Michael Hill, the Florida Marlins' assistant GM the last three seasons, also is expected to be interviewed in the coming days. Hill, named to Black Enterprise magazine's 2003 Hot List of African-American executives under age 40, is a celebrated 1993 graduate of Harvard, where as a senior he was elected class marshal, led the football team in rushing, and captained the baseball team.

Hill, in an e-mail last night, said he had not yet been contacted by the Red Sox.

Sox president/CEO Larry Lucchino, meanwhile, said last night Jim Beattie and Jim Bowden, the two candidates asked back for second interviews, will visit Boston in the next few days.

Lucchino, when asked about Wilder, cited four characteristics supporting his candidacy: diverse baseball experiences, an encouraging track record with different organizations in player development, a World Series championship this year, and the endorsement of White Sox owner Jerry Reinsdorf.

Wilder, who has worked for the A's, Braves, Cubs, Brewers, and White Sox, is known foremost as a talent evaluator.
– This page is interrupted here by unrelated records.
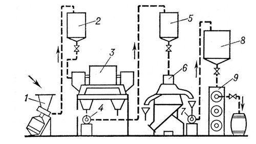 Схема непрерывнопоточной установки АВЖ для производства животных жиров: 1 — центробежная машина АВЖ-245; 2, 5 — питательные бачки; 3 — центрифуга; 4, 7 — центробежные машины АВЖ-130; 6 — сепаратор; 8 — приёмник жира; 9 — шнековый охладитель.
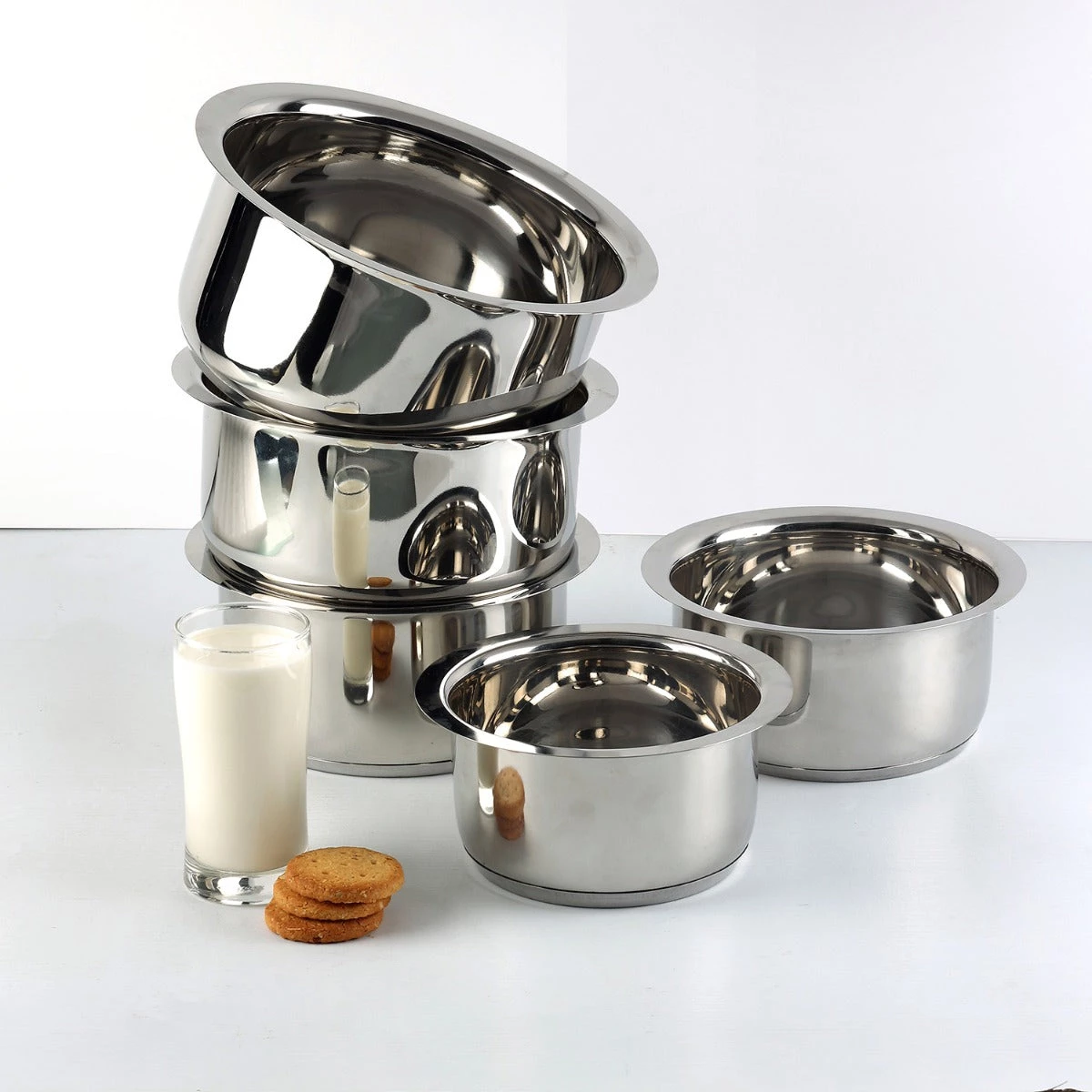 Made in India and crafted from the finest quality stainless steel this 5 piece set consist of a 0.8Â litre, 1Â litre & 1.4 litre, 1.8 litre and 2.2 litre tope without lids. Thick encapsulated sandwich (SAS) bottom, with an aluminum core ensures even heat distribution.
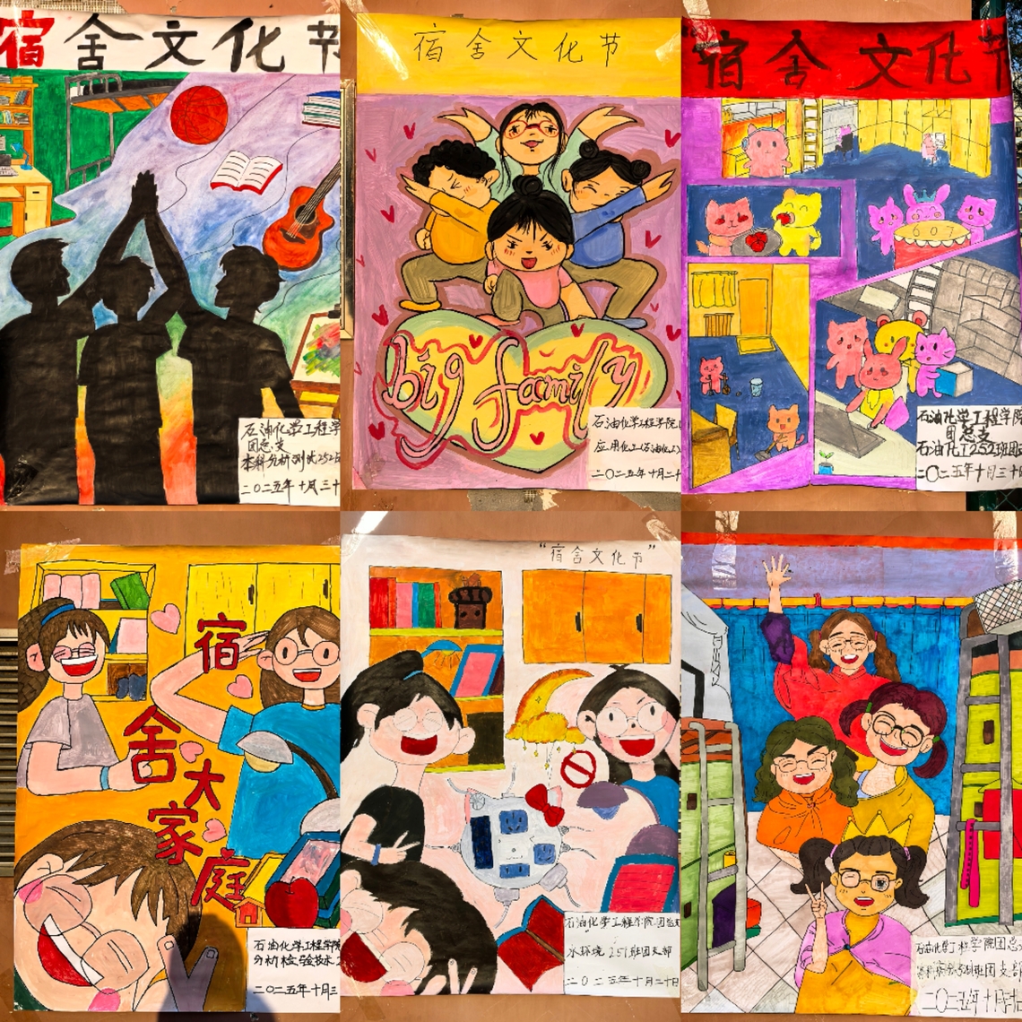 为进一步丰富学生校园生活,营造和谐友爱的住宿氛围,展现新时代石化学子的创意活力与团队协作精神,石油化学工程学院联合 “一站式” 学生社区于 2025 年 11月3日在西校区举办了宿舍文化节海报设计大赛。
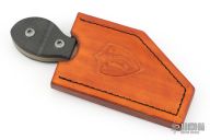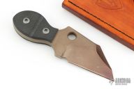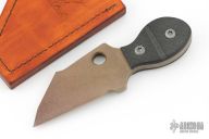 This Plan C from Mr. Horton features a chisel ground blade with swedge, bronzed stonewashed finish, .244" blade stock and 1.570" blade depth, full tang construction. The handle has carbon fiber scales. Comes with a custom brown leather sheath. Excellent condition.

After retiring in 1989, bringing to an end a minor league playing career, Wilder began scouting and coaching in the A's system. He joined the Braves as a scout in 1991, ascending to assistant director of scouting and player development in 1995, his last year with Atlanta. He directed the Cubs' farm system for three seasons, then climbed into the role of assistant GM in 1999.

He then moved to Milwaukee, where he became the club's vice president of player personnel for three seasons before accepting a position as special assignment scout in 2003. That fall he joined the White Sox in his current capacity.

''I'm very interested," said Wilder, who said he was contacted by the Red Sox Wednesday. ''It's the Boston Red Sox job. Who wouldn't be? It's an honor to be in this process.

''If you dreamed your first job, and it's the Boston Red Sox, you wouldn't wake up."

Wilder has interviewed for three previous GM openings -- with Baltimore and Seattle in the fall of 2003 and Arizona last month -- but wasn't offered any of them. He declined an opportunity this offseason to interview for the Tampa Bay GM opening.

His strength, he said, ''definitely is in evaluating, scouting, player development at the major league level. I've been in front offices for 10, 11 years. I've done just about everything. I feel I'm pretty much prepared for this job. I'm just looking to get the opportunity."

His one area of inexperience, if he had to pick one, would be contract work. He was involved in such work during his last season with the Cubs and to an extent in Milwaukee. ''It hasn't been my main [responsibility]," he said. ''I don't think I'd be unable if asked."

Wilder, in published reports, has been credited on several occasions for lending valued input in White Sox GM Ken Williams's decision-making process. Wilder reportedly recommended that Williams deal for shortstop Juan Uribe and volatile designated hitter Carl Everett, pursue Japanese prospect Tadahito Iguchi, and sign controversial catcher A.J. Pierzynski. Wilder also helped talk Williams into not dealing for a closer when Dustin Hermanson was ailing, believing that Double A flamethrower Bobby Jenks could step into the vacuum.

Wilder yesterday indicated a love for his current job.

''These are the best people I've been around in baseball," he said. ''I have a wonderful job. I've got the respect of my boss and owner. Anything else would be gravy."

Yesterday, the Red Sox' GM-by-committee announced the purchasing of six players' contracts. Lefthander Jon Lester, outfielders Brandon Moss and David Murphy, and righthanders David Pauley, Jesús Delgado, and Harvey García were added to the 40-man roster.

Gabe Kapler, the free agent outfielder rehabbing in the wake of Achilles' tendon surgery, was released. That leaves 37 players on the 40-man roster.